# Other Aquarium Forums > Freshwater Fauna >  Badis badis

## genes

Sharing my Badis badis. This guy can be quite a terror in a tank. Never disturbing other community fishes, but only at my Apistogrammas. 

So far, the Ap. iniridae and Ap. cacatuoides were no match for him.  :Grin:

----------


## zyblack

Really nice fish...caught my eye when I was at the forum main page. Love those blue fins. Envy  :Wink:

----------


## CK Yeo

OOo! Badis!  :Jump for joy:   :Jump for joy:   :Jump for joy: 
A really nice fish that's a little under appreciated in the hobby.

Here's mine in horny colour.


ck

----------


## benny

What a difference in body coloration. These two pictures will be a good reference for future hobbyists.

Keep snapping guys! Your photographic contributions are appreciated!

Cheers,

----------


## genes

Thanks Benny. 

As always, beautiful shot CK. These guys are like the chameleon. For guys who wants to see the horny colouration. You can use a mirror, these guys flare at the mirror too! And sometimes you get a full darken body without much reddness.

----------


## andrewtyr

These fellows are quite aggressive. I remember I had one, and soon after my C. hastacus start losing an eye and torn fins. And the bugger is so hard to catch! I literally tore down the tank to catch him.

----------


## Quixotic

They are chameleons alright. The horny coloration is also to assert their territory and domininance. My alpha male displays coloration in CK's photo when flaring at another male, which then immediately took on the coloration in gene's photo.




> These fellows are quite aggressive. I remember I had one, and soon after my C. hastacus start losing an eye and torn fins. And the bugger is so hard to catch! I literally tore down the tank to catch him.

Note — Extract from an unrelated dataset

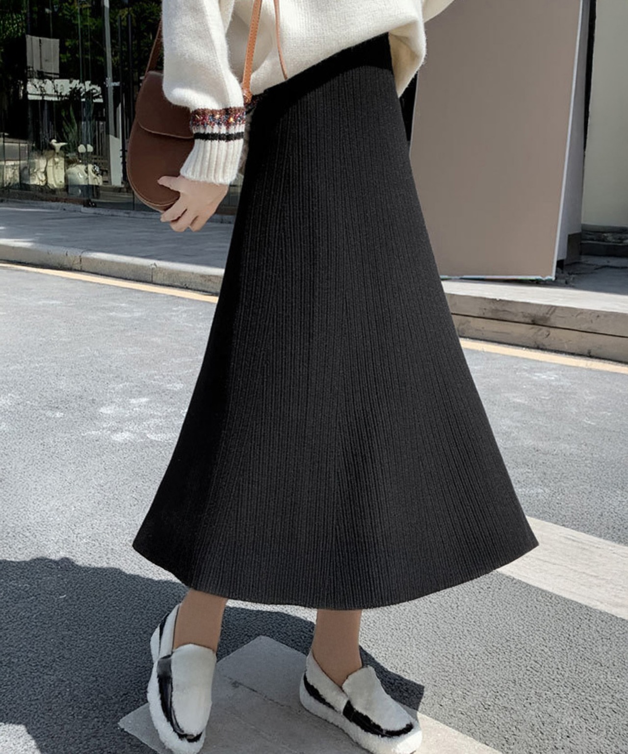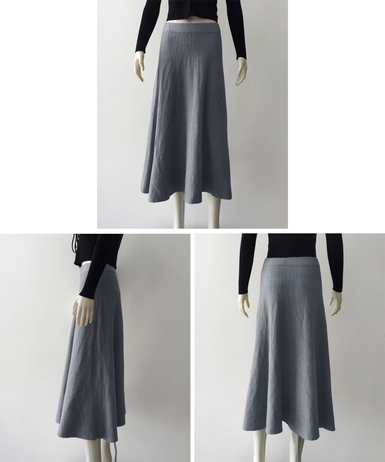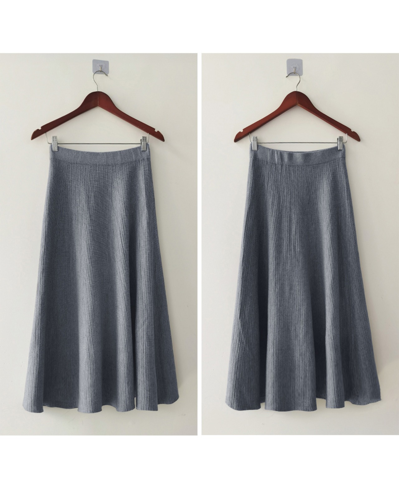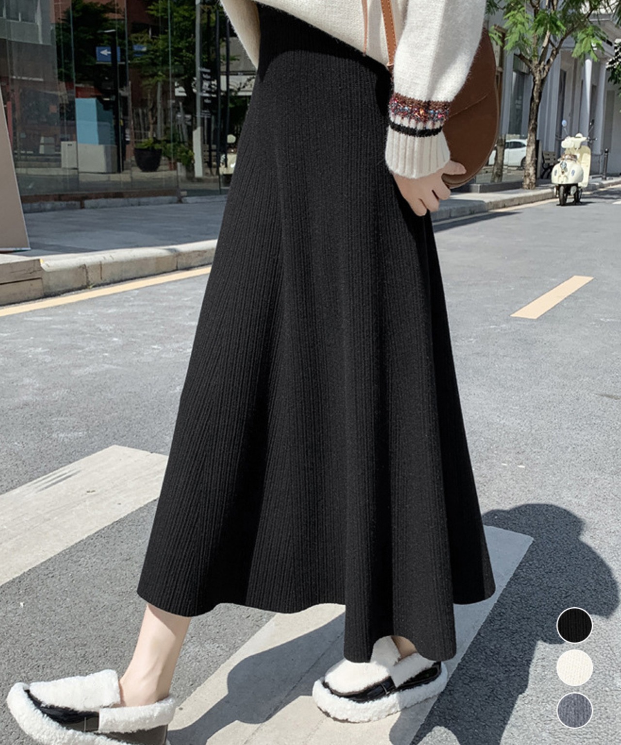 フレアニット スカート 着やせ 無地 秋冬 (SK-0721)

Are you sure it is the work of _B. badis_? They pretty much leave other fishes alone, except those with body shapes like theirs (e.g. Apistogrammas). Nothing bad has ever happened to my _Boraras urophthalmoides_, so you may just had a highly stressed individual.

----------


## trident

Eugene,
those badis badis are beautiful, where did you buy them from?
richard

----------


## taygu

Hi Eugene,

That is a very nice badis badis, beside where you get it from, what did you feed it with?

----------


## genes

Got him from NA about 2 months ago. Not sure if its still available. He eats everything.  :Grin:

----------


## bryan

Well, the LFS still confuses everyone by labelling the more commonly seen _D. dario_ as _B. badis_. _B. badis_ is more than double the size of _D. dario_ therefore yes, it'll take on the Apisto since it is also teritorial.

----------


## zyblack

Erm newbie here...

Would a betta and badis badis co-exist? If not, which fish will be stronger? 

Think this fish would look nice with genes's badis badis.

----------


## TBoss

Err.. I think Badis dont grow as big as bettas... in fact I think they are generally small in size. Correct me if Im wrong

----------


## Quixotic

> Would a betta and badis badis co-exist? If not, which fish will be stronger?


Not a good idea. They would certainly have territorial disputes. Betta are "slow" fishes and could be at the wrong end if _B. badis_ is not happy.




> Err.. I think Badis dont grow as big as bettas... in fact I think they r generally small in size. Correct me if Im wrong


TBoss, welcome to AQ.

If you have not discovered this yet, SMS type of language (e.g. 'r') is discouraged in the forum for the benefit of our members. Do kindly refrain from SMS type of language as they are difficult to read and understand for our members alike, including those that are not from Singapore. 

I think that the _B. badis_ that you are thinking of is NOT the real _B. badis_.

If it is red and small, it is actually _D. dario_ which is incorrectly sold as _B. badis_ in the trade and hence, referenced incorrectly in a number of websites.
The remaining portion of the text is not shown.